One-armed caregiving has been a little bit of challenge. Mainly because the slightest wrong movement takes my breath away and brings tears to my eyes. A rotator cuff tear is painful. Just about an hour ago I slipped on the snow and grabbed the stair railing. It was terrible intense pain for about 10 seconds, and throbbing until now. No fun.
And then last night, well the last two nights, I’ve had a Flower for Algernon moment. I don’t even want to talk about that book as it is too haunting.
But dementia is very generation, especially for women. My grandmother had your typical dementia and Alzheimers and I thought that was bad. Then my mother has Lewy Body Dementia and that is awful. The worst actually. And I wonder outside of a miracle of God what is stalking me.
I already fail the peanut butter test. If you can smell peanut butter from one nostril and not the other one it can be a sign of early onset dementia. It might be years away, but the body is saying that it is coming.

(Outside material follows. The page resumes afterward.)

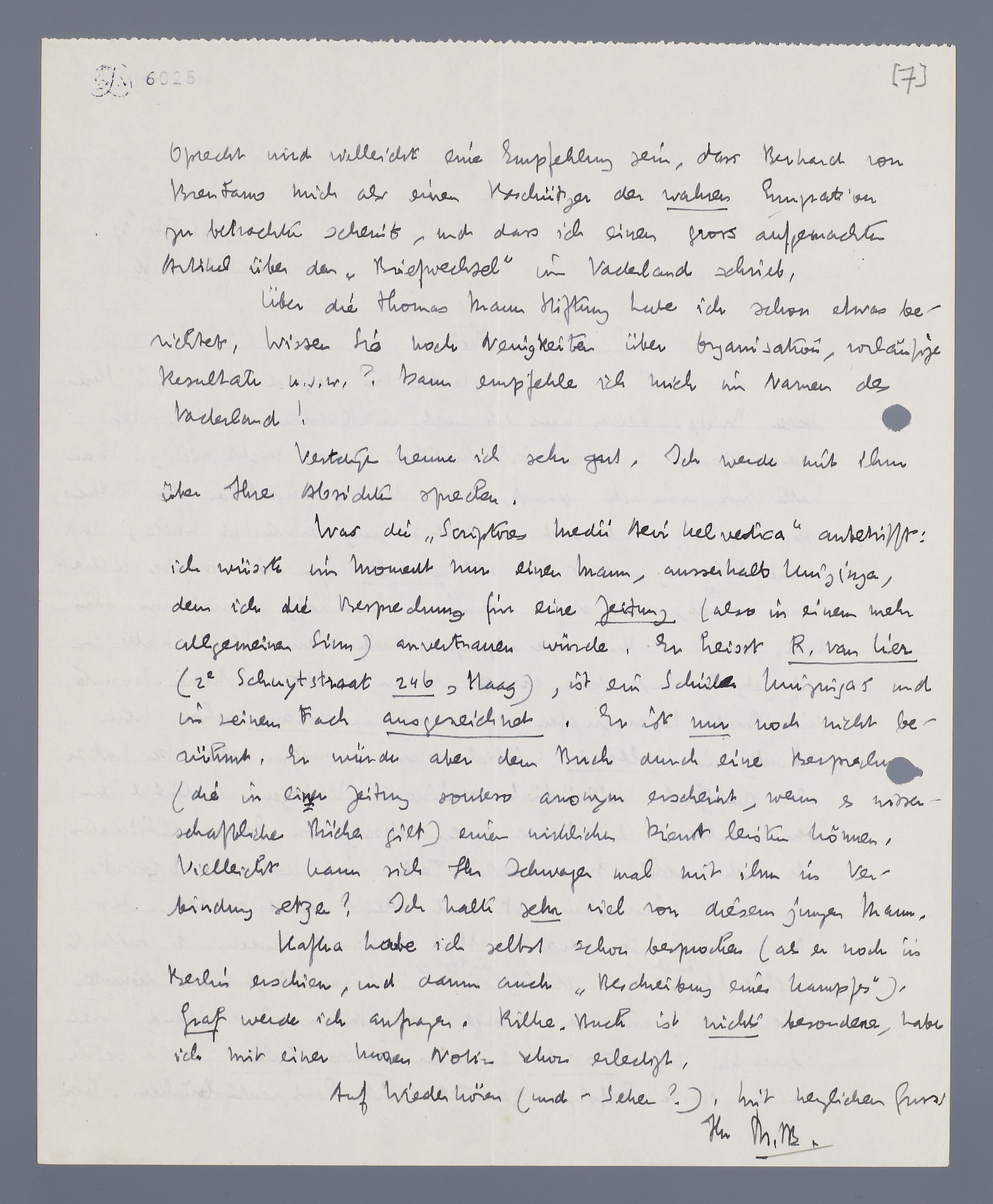 Immerhin ist und bleibt es erfreulich, dass Mann sich so verantwortlich benimmt, wenn es taktisch vielleicht auch weniger günstig für uns ist in diesen Augenblick. Köntten Sie nicht, mit der Zusage von Mann in der Hand, mal versuchen bij Oprecht? Oder Europa Verlag? Die beiden haben grosse Erfolge geerntet mit Emigrantbüchern. Bei Oprecht wird vielleicht eine Empfehlung sein, dass Bernhard von Brentano mich als einen Beschützer der wahren Emigration zu betrachten scheint, und dass ich einen gross aufgemachter Artikel über den ‘Briefwechsel’ im Vaderland schrieb.

And then the last two nights I’ve had terrible jitters at night. It struck me…am I sundowning? It’s awful and happens at night and is just like mom’s jitters. NO!!!!!!!!
And then this morning I realized I hadn’t paid my bills. I never do that. Ever. And yet it didn’t even cross my mind. So I realize I have to put up reminders as I don’t want stung with late fees.
I’m way too young. But I feel my brain is fuzzy. Fatigue? Absolutely. Stress? Definitely. But the last two nights of extreme jitters at sundown was scary. Am I going to be early on this path? Who will take care of me if that is the case? Is there a miracle for me?